Aku telah lama menyadari bahwa diri ini memiliki ego yang setinggi gedung-gedung pencakar langit di kota-kota metropolitan. Lalu ego-ego itu tumbuh semakin subur sejak aku menjadi ibu.
Entah kemampuan ikhlas level apa yang dimiliki para ibu di masa lampau.
Saat suamiku tidak ada disampingku selama proses melahirkan, sungguh aku tak menyesalkan ketidakhadirannya. Bagaikan primata yang mengandung, melahirkan, dan membesarkan anaknya sendiri, sedari awal aku tau konsekuensi untuk tidak bisa selalu bersama suamiku. Namun saat masalah hidup mencuat setelahnya, aku bisa begitu berharap ia ada di sampingku hari itu, hanya untuk melihat betapa luar biasanya perjuanganku melawan rasa sakit. Semata-mata agar peranku sebagai istri dan ibu untuk keluarga ini semakin tervalidasi. Bahwa aku bisa jadi lebih berkorban.
Kira-kira sebesar itulah egoku di waktu-waktu yang menyesakkan sebagai seorang perempuan. Dan banyak lagi yang dapat ku ceritakan dalam berlembar-lembar tulisan. Ah, sungguh pikiran busuk yang tak pernah ku harapkan ada padaku.
Di sisi lain, sasaran empuk dari semua egoku ini memang hampir selalu suamiku. Laki-laki bertubuh tinggi besar yang terlihat sekokoh bangunan Hindia Belanda. Laki-laki yang dikuasai oleh logika dan tanpa sadar selalu membangun benteng setinggi dan sebesar dirinya, agar keputusan-keputusannya tidak diserang perasaan-perasaan sentimentil. Laki-laki yang diperlakukan sebagaimana laki-laki di masanya dibesarkan; bahwa menjadi laki-laki berarti tidak membicarakan apa yang ia rasakan, atau bahkan, tidak berbicara sama sekali.
Pada dasarnya, ini adalah keangkuhan yang haus validasi beradu dengan pemikiran logis yang tak pandai berkata-kata. Entah dimana titik ujungnya.
Namun anehnya, dengan segala keruwetan itu, kami masih begitu mencintai satu sama lain.
Tanpa perlu saling banyak berucap, sejak kali pertama bertemu hubungan ini terasa terus memperbaiki dirinya sendiri.

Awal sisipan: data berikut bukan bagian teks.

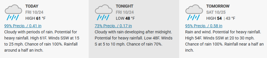 A decent amount of rain is also expected with this system which, combined with gusty winds, could lead to downed trees. Winds are expected to be strongest along the coast and along higher terrain. Remember to prepare for hazardous weather ahead of time.
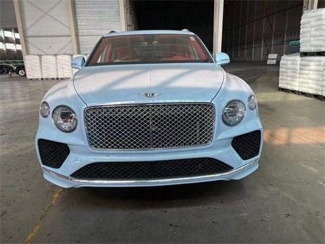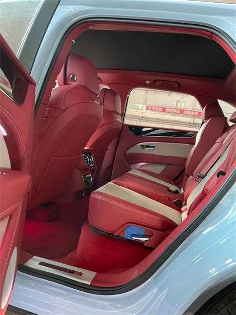 宾利添越绚蓝/亚麻白配热刺红配置:金属漆,颜色包,前排舒适座椅包,黑色钢琴内饰板,撞色缝线,21寸轮毂,加热双色方向盘,刺绣宾利徽章,氛围灯。

Tanpa sadar kami mau untuk terus saling memahami.
Selangkah demi selangkah,
Kami yang mungkin terpisah di dua kutub yang berbeda ini perlahan terus berjalan ke titik tengah.
Lalu,
Setelah banyak definisi cinta yang ku alami sejak masa remaja,
Apakah cinta itu berarti terus berjalan?